Stopping the SUT just after reboot and checking state, there is not ping and nmap does not report any machine active there.
I was able to disconnect the console session from openQA and open it in my terminal, and then force a reboot of this special partition. Everything looks aparently ok after the forced reboot. Then I retrieved attached logs (yast logs and full journal).


Files

full_journal.log (78.4 KB) full_journal.log JERiveraMoya, 2021-09-17 12:29
y2logs_reconnecting.tar.bz2 (8.5 MB) y2logs_reconnecting.tar.bz2 JERiveraMoya, 2021-09-17 12:29

Related issues 2 (1 open1 closed)

Related to qe-yam - action #97331: [timebox: 24h] Investigate failure in rebootmgrClosedJERiveraMoya2021-08-22

Actions
Related to openQA Infrastructure - action #109112: Improve os-autoinst sshXtermVt.pm connection error handling (was: "Test died: Error connecting to <root@redcurrant-4.qa.suse.de>: No route to host") size:MWorkable2022-03-28

Actions
Actions #1

Updated by okurz over 2 years ago

  • Project changed from openQA Infrastructure to openQA Tests
  • Subject changed from rebootmgr fails in PowerVM reconnecting after reboot to [y][yast][qac][container][powerVM] rebootmgr fails in PowerVM reconnecting after reboot
  • Category set to Bugs in existing tests

hi, I suggest you extend the ticket according to https://progress.opensuse.org/projects/openqav3/wiki#Defects to give others a better chance to understand the context and reproducibility.

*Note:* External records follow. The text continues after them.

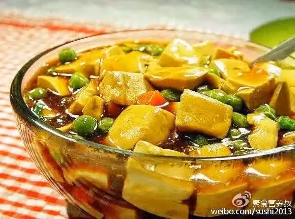 食材:豆腐一塊半,豌豆、胡蘿蔔丁少許,薑絲、味素、花椒水、醬油、白糖各少許
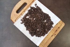 - Нарежете шоколада на малки парченца с нож.
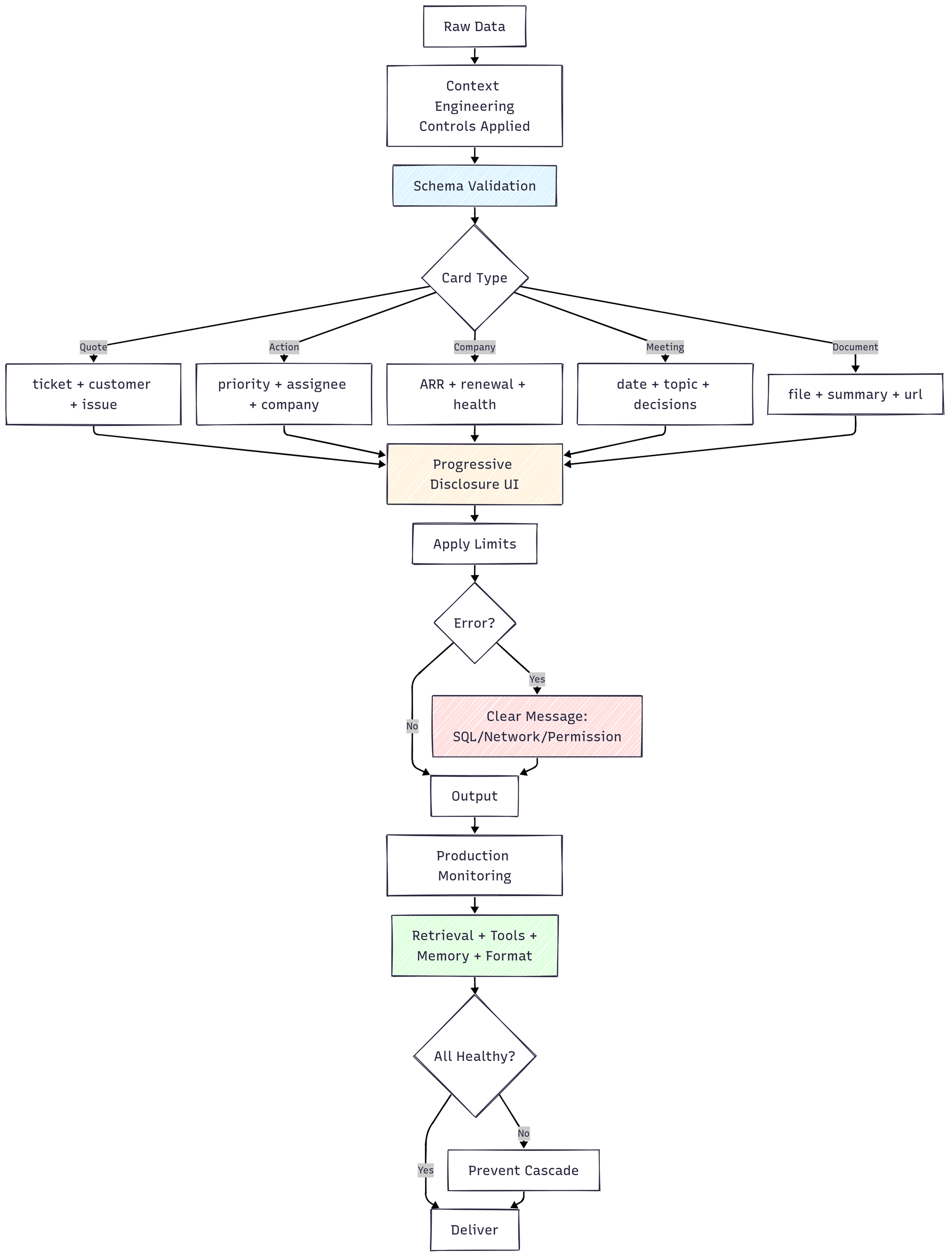 Context Engineering isn’t about giving AI more information. It's about building reliable, production-grade systems. This insight allowed us to move beyond prompt engineering to a robust architecture that handles messy real-world data, unpredictable users, cost constraints, and security requirements.
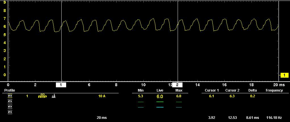 Figure 1 shows the current flow through a “brushed” fuel pump from a Ford Focus. The commutator has eight segments, each segment has a slightly different current profile. By identifying one segment we can use the cursors to calculate the time for one revolution of the pump. In this example the pump speed is 8.61ms for one revolution. This equates to almost 7,000 RPM. The calculation for this is, there are 60,000ms in one minute, so
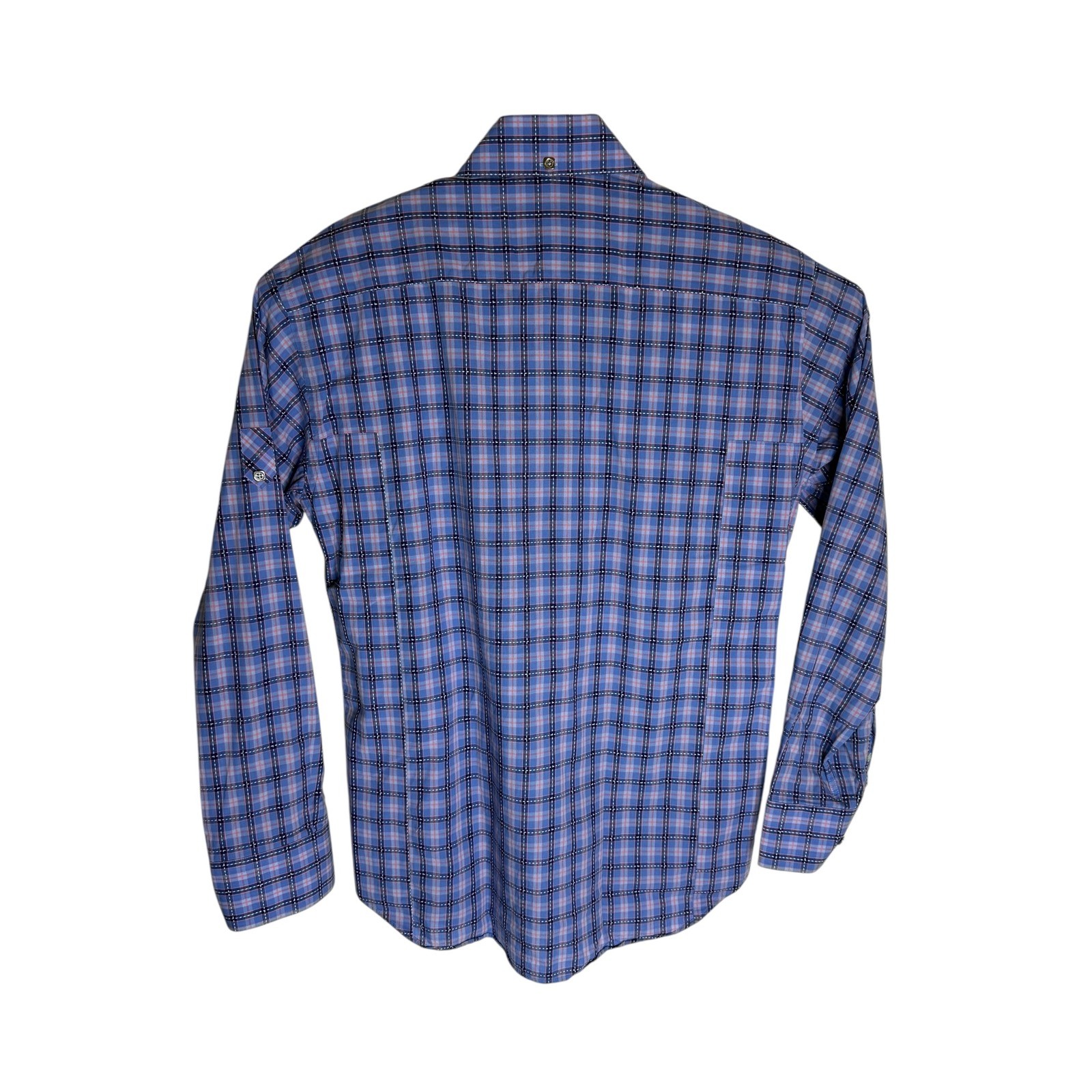 как выглядит BOGOSSE Mens Size 5 XL Blue Plaid Long Sleeve Button Up Shirt 100 Cotton фото
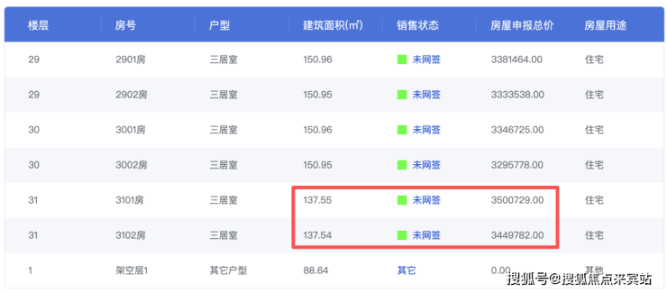 据备案价显示,3栋共有约150平和约137平两种户型,其中1-30层均为约150平户型,顶楼31层为两套约137平。
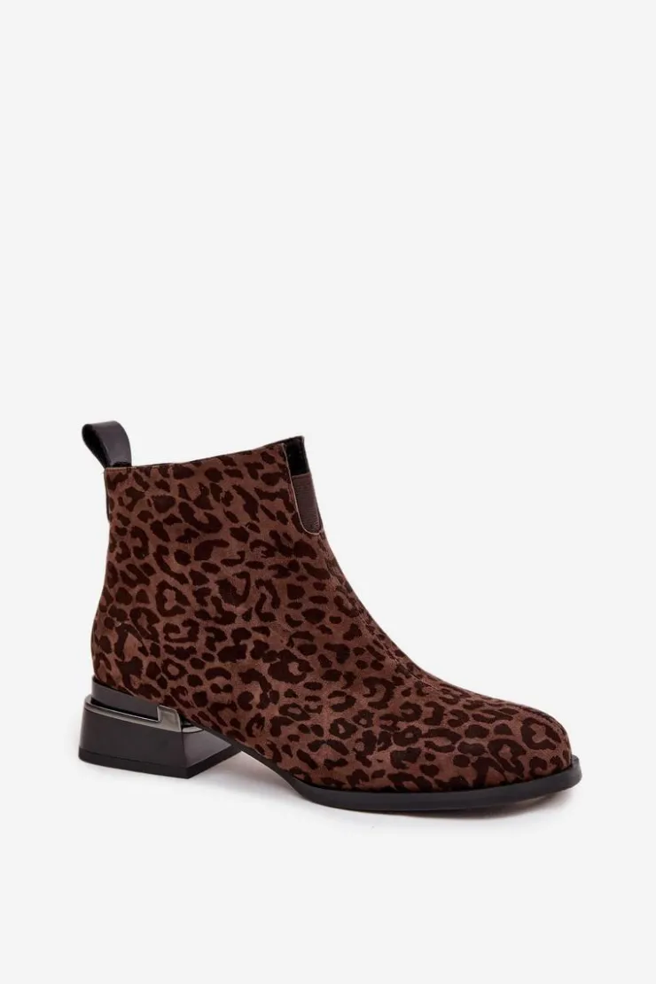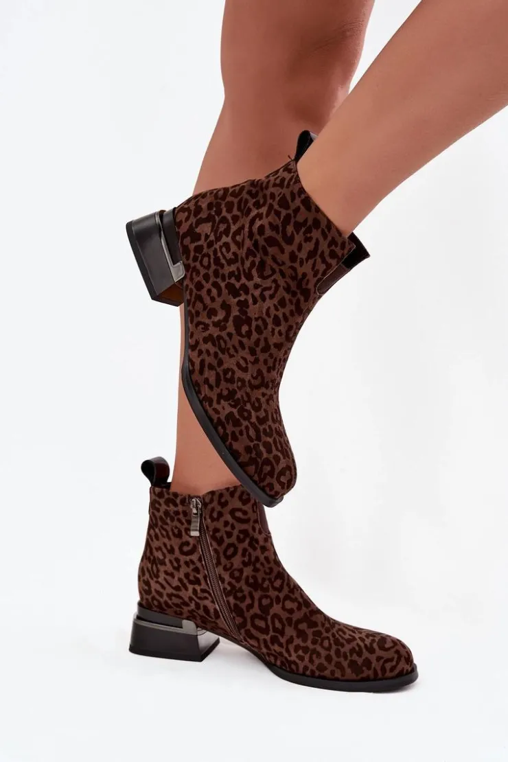 Botki damskie wykonane z naturalnego zamszu to połączenie elegancji i modowego charakteru. Model zachwyca stylowym panterkowym printem, który dodaje całości wyrazistości i kobiecego pazura. Osadzony na stabilnym obcasie typu klocek, zapewnia wygodę i pewność kroku. Wnętrze butów delikatnie ocieplane kocem obuwniczym gwarantuje komfort w chłodniejsze dni. Zaokrąglone noski i dekoracyjne przeszycie biegnące wzdłuż cholewki nadają im eleganckiego wykończenia. Botki zapinane są na zamek, co ułatwia zakładanie. To idealny model dla kobiet, które lubią łączyć klasykę z odrobiną drapieżnego stylu – świetny wybór zarówno do codziennych, jak i bardziej stylowych zestawów. Przy wyborze rozmiaru prosimy sugerować się tabelą rozmiarów.

I don't see anything obvious. I suggest you use https://github.com/os-autoinst/scripts/blob/master/README.md#auto-review---automatically-detect-known-issues-in-openqa-jobs-label-openqa-jobs-with-ticket-references-and-optionally-retrigger as an early mitigation.

As there are so many other powerVM tests that manage to reboot, e.g. compare to a default test like textmode+role_textmode I am certain it's something specific to the test flow so not for "infrastructure" per se.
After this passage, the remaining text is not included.